Author Archives: Victor Dominocielo

Religion in Science Classroom

Around this time of year, Biology curriculums nationwide usually turn their focus toward the central tenant of all life on earth, Darwin’s scientific theory of Evolution by natural selection.  Also at this time, some states and school districts embarrass themselves tremendously by attempting to inject religious belief into the Science curriculum in the form of Creationism and Intelligent Design.  School districts in 15 states over the last forty years have tried to inject religion into science classes.  In 2005, a Kansas school district went so far as to attempt to change the definition of Science to accommodate their Creationist beliefs.  The Supreme Court routinely knocks down these challenges as violating the “establishment clause” of separation between church and state.

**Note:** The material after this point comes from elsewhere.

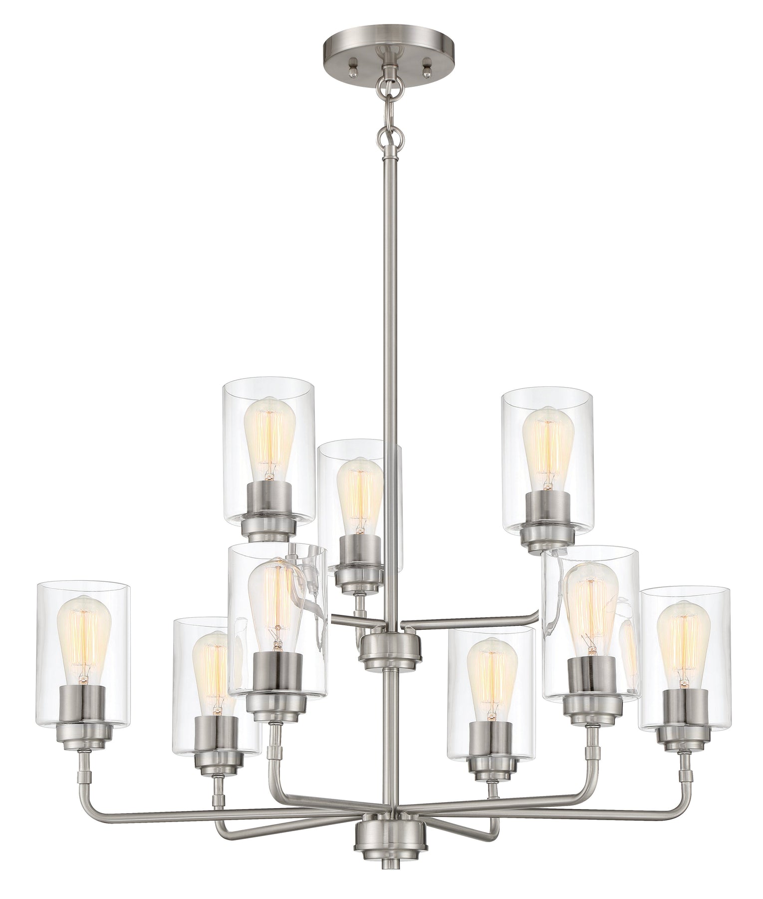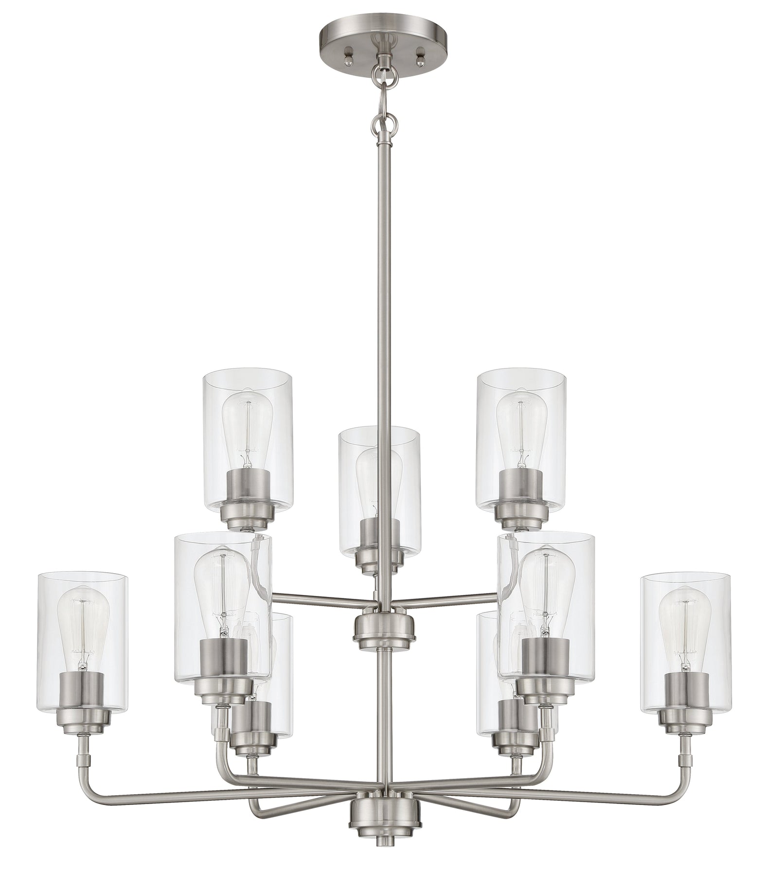 The Stowe 9 Light Chandelier in Brushed Polished Nickel is a refined lighting fixture that enhances any indoor space with its elegant design. This chandelier requires nine medium base A19 bulbs at a maximum wattage of 60W each (bulbs not included). It features a substantial depth and width of 30 inches, with a height of 19.75 inches, and is equipped with 3 x 12 inch and 1 x 6 inch downrods for adjustable mounting. The fixture also includes a leadwire length of 120 inches and a canopy measuring 5 x 5 x 0.79 inches. With its clear glass accents and a safety rating of cULus, the Stowe chandelier combines both style and safety for a warm, inviting atmosphere.

Approximately 46% (Gallup poll) of the American people do not believe in Evolution (a more recent poll puts the number around 40%).   In 2011, U. Penn researchers, Berkman and Plutzer, polled 926 high school biology teachers and found that only 27% taught Evolution as the central, unifying theme of all biology.  13% actually advocated Creationism/Intelligent Design in their public school classrooms.  The remaining 60% are described as “cautious” because they are not educated enough in the subject (a course in Evolution is, shamefully, not required to obtain a biology degree at many universities) or because they want to avoid controversy with parents and administrators.  Unfortunately, this “cautious” 60% of biology teachers fail to explain the differences between religious thought and the nature of scientific inquiry.  In doing so, these teachers actually undermine established experts and over 150 years of scientific research in the field of Evolution.  The cautious 60% even encourage students to get other explanations for life on earth and so legitimize religious arguments in a scientific field of study.  It is a confusing juxtaposition to suggest to students that well-established, evidence- based, scientific theories can be debated as if they were personal opinions and beliefs.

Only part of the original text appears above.